TheBanyanTree: Respite

Margaret R. Kramer margaretkramer at earthlink.net
Sun Jun 13 06:03:18 PDT 2004


The clouds parted.  The sun appeared.  The winds died down.  And the earth
warmed up.  After days and days of rain and clouds and dreariness, we
finally had a summer-like day.  It was beautiful.

Our dogs started barking around 5:30 am.  I thought deer were wandering
around in our yard, but it was our Hmong neighbors up early to prepare for a
family gathering.  Their functions start early and usually end by late
morning, but this one turned out to be different.

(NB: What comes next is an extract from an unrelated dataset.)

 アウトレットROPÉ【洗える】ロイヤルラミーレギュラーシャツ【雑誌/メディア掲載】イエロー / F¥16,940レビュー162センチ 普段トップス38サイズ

As we ate breakfast, more and more Hmongs were pulling up in their SUVs,
minivans, and small cars.  Before long, there wasn’t anywhere to park on our
street.  People were gathering in our neighbors’ yard, talking and laughing.
The noise level on this quiet summer morning was getting louder by the
second.

Ray cut the grass.  I worked a bit in the house.  When I was weeding the
yard, my neighbor, Ying, came out and apologized for the large gathering.
She gave us some egg rolls and asked us to come over.  She explained that in
her culture when a couple has been married for a certain length of time, the
husband changes his name.  That’s what the gathering was about.  It was a
religious ceremony and a celebration.

I couldn’t help but wonder if they were going to have this many people, why
didn’t they have their event in a park?  But some of the Hmongs still do
animal sacrifices, so I suppose they really couldn’t kill a live pig in a
park.  Park regulations wouldn’t allow it.  Plus, they begin their functions
extraordinarily early in the morning.  At 8:30 am our street was packed with
cars.

Ray thought it was good that the Hmong continue to do rituals from their
culture.  I agree, because as much as a lot of Americans complain about
immigrants not learning the language and culture of the United States, they
don’t realize how fast the “old country” slips away.

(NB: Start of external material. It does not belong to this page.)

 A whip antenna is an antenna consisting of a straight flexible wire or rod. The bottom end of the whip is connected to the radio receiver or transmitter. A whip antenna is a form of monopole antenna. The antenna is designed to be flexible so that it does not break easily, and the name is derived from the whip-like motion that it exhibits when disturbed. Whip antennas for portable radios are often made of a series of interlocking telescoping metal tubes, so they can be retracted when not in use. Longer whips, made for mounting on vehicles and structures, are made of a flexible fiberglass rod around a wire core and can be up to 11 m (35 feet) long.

My great-great grandparents came from Denmark, Norway, Germany, and England
in the middle 1800s.  Not one of us speaks any of the languages other than
English (of course!).  I learned German in school.  We don’t eat lutefisk.
We don’t like sauerkraut.  We’ve intermarried with other Europeans.  No one
is “pure” anything now; we’re all a bunch of mutts.

This will happen to the Hmong, too.  Each generation will have less ties to
the “old country.”  Already the some of younger Hmong don’t think the animal
sacrifice rituals have any meaning.  As the younger Hmong depend more on
English and less on Hmong, the use of Hmong will fade away.  They’ll begin
to intermarry with whites, blacks, Hispanics, and other Asians.  Certain
things from the culture will be kept and most of it will be forgotten.

We left the noise of the Hmong party and drove out to the cemetery to put
flowers on my parents’, grandmother’s, and uncle’s graves.  It was quiet
there.  In fact, I surprised not to see anyone there but us.  But I suppose
it was such a beautiful day, the living wanted to spend time with the
living.

We got sandwiches and then went to the park to eat them.  The park was full
of people.  Hmongs and  blacks were using the pavilion, and I saw a couple
of Somali girls on the playground with their heads covered with scarves.
The water park was open and we watched small children clad in bathing suits
run back and forth on the sidewalks.

Ray and I took a walk around the outer edges of the park.  Some Hmong boys
were looking in the overflowing water for tadpoles.  We told them we had
just thrown a cup away in the trash, so one of the boys went to retrieve it
so they could bring their tadpoles home.

Another group of Hmong boys were fishing.  One of them caught a small
bullhead and Ray helped him get it off the hook so he wouldn’t get stung.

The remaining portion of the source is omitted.